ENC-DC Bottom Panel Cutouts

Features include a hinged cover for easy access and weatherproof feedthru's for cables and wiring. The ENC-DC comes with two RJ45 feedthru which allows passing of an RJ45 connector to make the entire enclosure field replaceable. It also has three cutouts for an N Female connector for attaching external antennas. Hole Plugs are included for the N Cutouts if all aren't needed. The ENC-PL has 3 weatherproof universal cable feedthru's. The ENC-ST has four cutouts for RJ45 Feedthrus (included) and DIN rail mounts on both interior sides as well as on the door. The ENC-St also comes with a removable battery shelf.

==

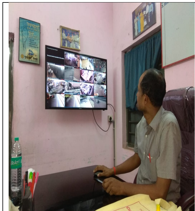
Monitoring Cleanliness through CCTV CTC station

### Exercise
Work out how many lines of the data include the word "Cutouts". Then write only that number.

### Answer area
2